IF (term = "36 months") THEN term_c = 0;

IF (term = "60 months") THEN term_c = 1;

RUN;

And ran multi linear regression:

PROC GLM;

model int_rate=term_c annual_inc_c purpose_c home_ownership_c installment_c/solution clparm;

run;

I found out that this model has high ability of explaining relationship = R2 is 28%.

The p-values of every explanatory variable is < 0.05 and hence they are statistically significant.

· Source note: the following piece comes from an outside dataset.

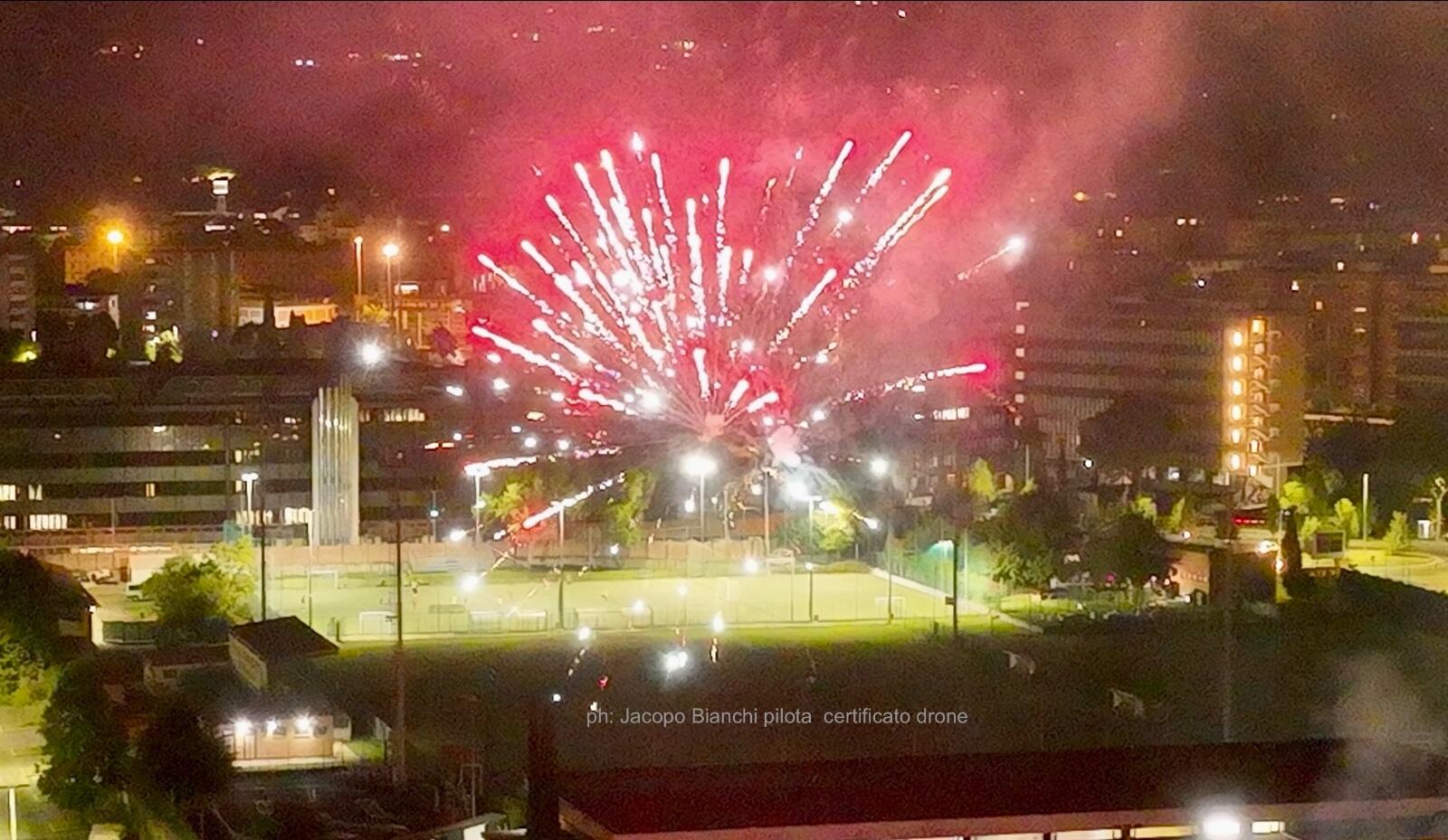 Belli e poetici i fuochi d'artificio finali, ripresi dalla telecamera del drone di Jacopo Bianchi, pilota certificato. E con tutta la passione che racconta lo striscione: il mostro azzurro mangia gli altri colori e il boccone più grosso è bianco. Uno striscione che tornerà in piazza Santa Croce in occasione del prossimo torneo del gioco fiorentino, per suscitare intense emozioni di parte.

Before I drew the plots I calculated data for them like:

PROC GLM PLOTS(unpack)= all data=import; ods graphics on; model int_rate=term_c annual_inc_c purpose_c home_ownership_c installment_c/solution clparm; output residual=res student= stdres RSTUDENT = COOKD COOKD = cookd h= leverage out = results; run;

Thanks to this code I was able to drew:

Standardized residual plot

which was created like this:

PROC GPLOT data=results; label stdres = "Standardized Residual" id= "id"; plot stdres* id /vref = 0; run;

It shows that a lot of observations have standardized residual higher than 2, that means that model is unacceptable and observations should be deleted.

QQ plot for residuals

proc univariate data=results; var res term_c annual_inc_c purpose_c home_ownership_c installment_c; qqplot;

It shows that despite some outliers data are distributed normally.

in total, model has high R2 of 94% which is very correlated with one of variable, which was excluded, some observations have inappropriate residuals and hence must be removed.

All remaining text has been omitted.